■ Instructions to follow: Write down exactly the lines from the one below that has "1. Inserte ambos" to the end of the data, both ends included; the pictures should not appear in your copy.
.....
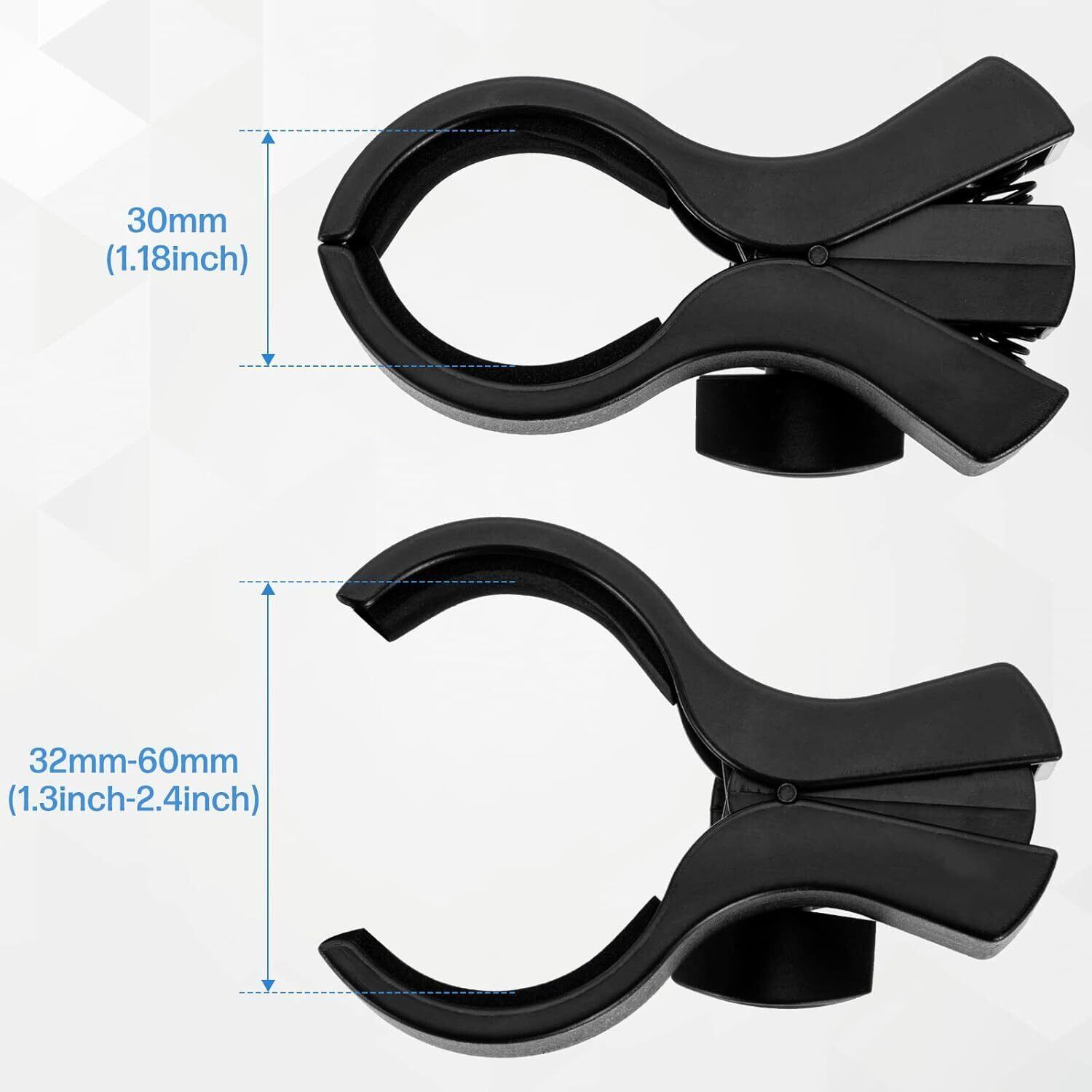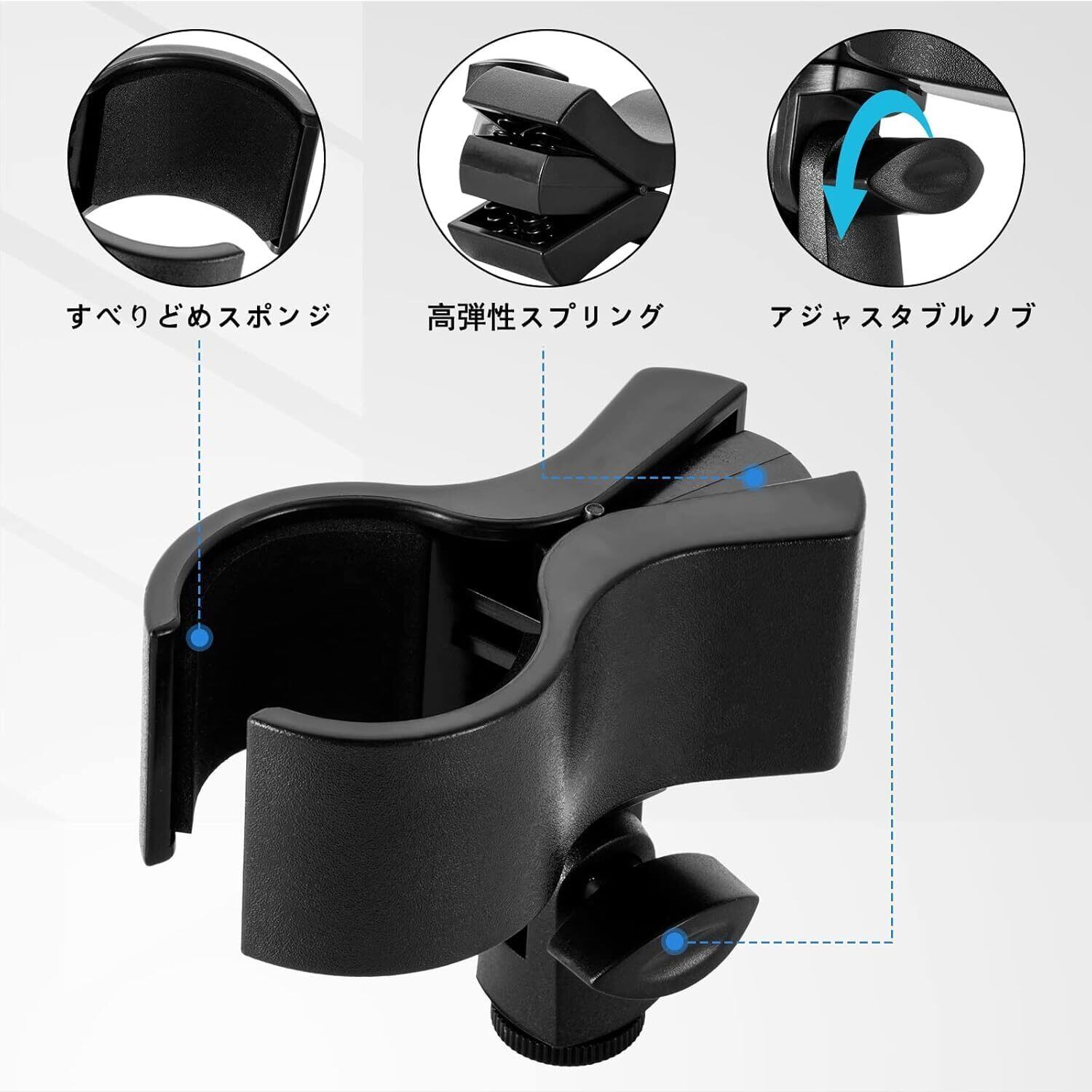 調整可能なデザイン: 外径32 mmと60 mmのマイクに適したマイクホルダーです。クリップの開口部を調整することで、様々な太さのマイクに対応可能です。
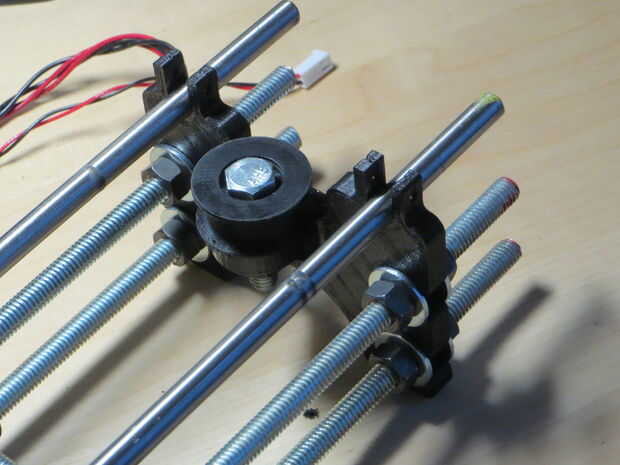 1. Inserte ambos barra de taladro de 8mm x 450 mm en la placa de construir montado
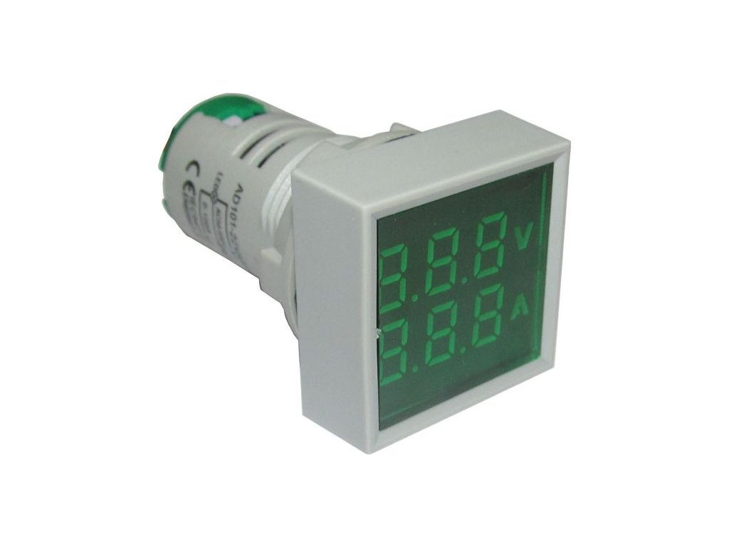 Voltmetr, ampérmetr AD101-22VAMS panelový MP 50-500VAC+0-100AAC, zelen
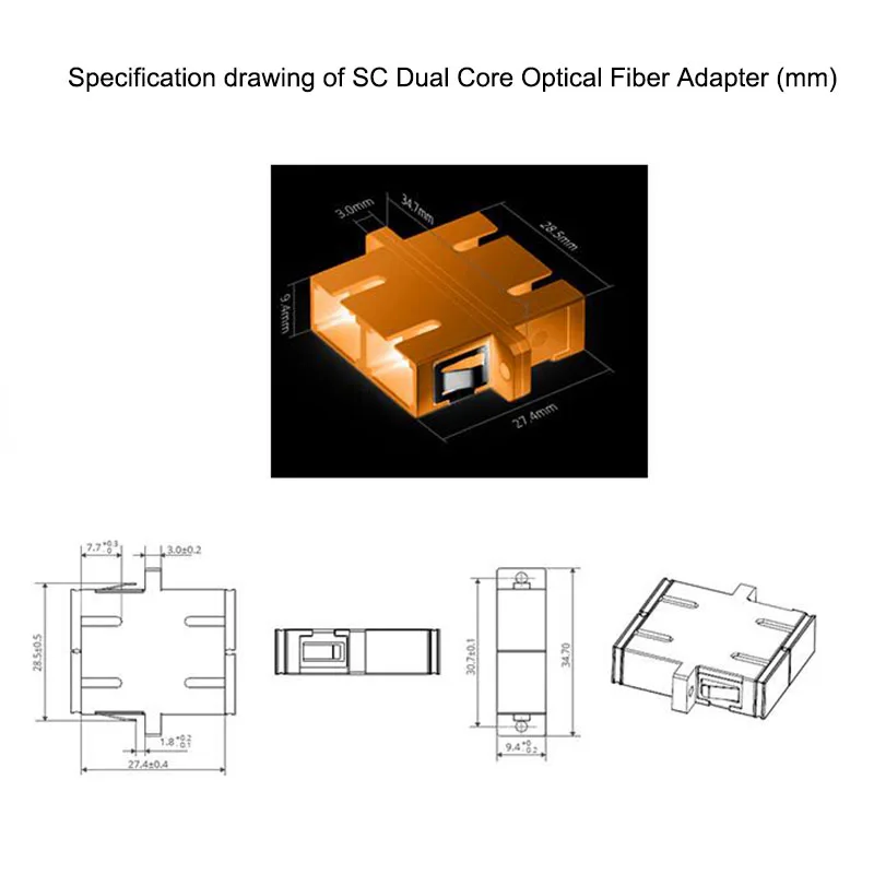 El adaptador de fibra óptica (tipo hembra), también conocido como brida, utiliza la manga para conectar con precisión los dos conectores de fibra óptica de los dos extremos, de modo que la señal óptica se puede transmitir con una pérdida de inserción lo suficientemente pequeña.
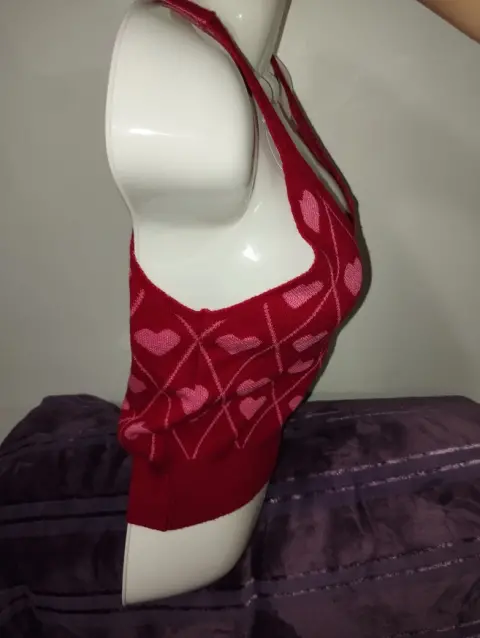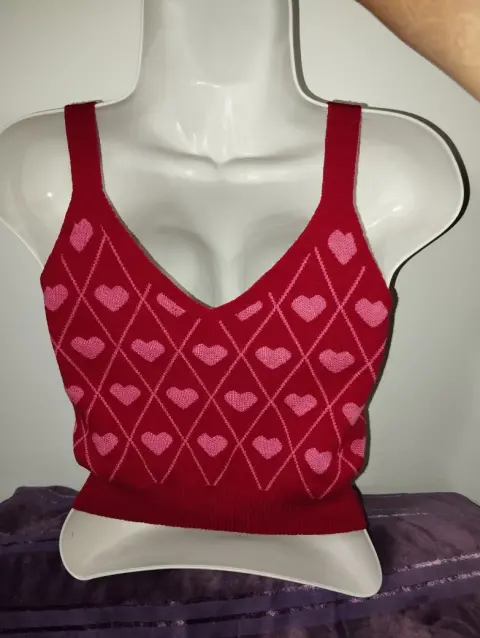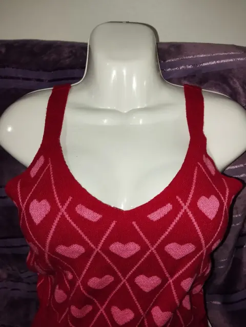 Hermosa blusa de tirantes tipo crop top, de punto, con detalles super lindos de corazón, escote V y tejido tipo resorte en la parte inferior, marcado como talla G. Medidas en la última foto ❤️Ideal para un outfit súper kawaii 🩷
.....
■ Output of the task:
 1. Inserte ambos barra de taladro de 8mm x 450 mm en la placa de construir montado
 Voltmetr, ampérmetr AD101-22VAMS panelový MP 50-500VAC+0-100AAC, zelen
 El adaptador de fibra óptica (tipo hembra), también conocido como brida, utiliza la manga para conectar con precisión los dos conectores de fibra óptica de los dos extremos, de modo que la señal óptica se puede transmitir con una pérdida de inserción lo suficientemente pequeña.
 Hermosa blusa de tirantes tipo crop top, de punto, con detalles super lindos de corazón, escote V y tejido tipo resorte en la parte inferior, marcado como talla G. Medidas en la última foto ❤️Ideal para un outfit súper kawaii 🩷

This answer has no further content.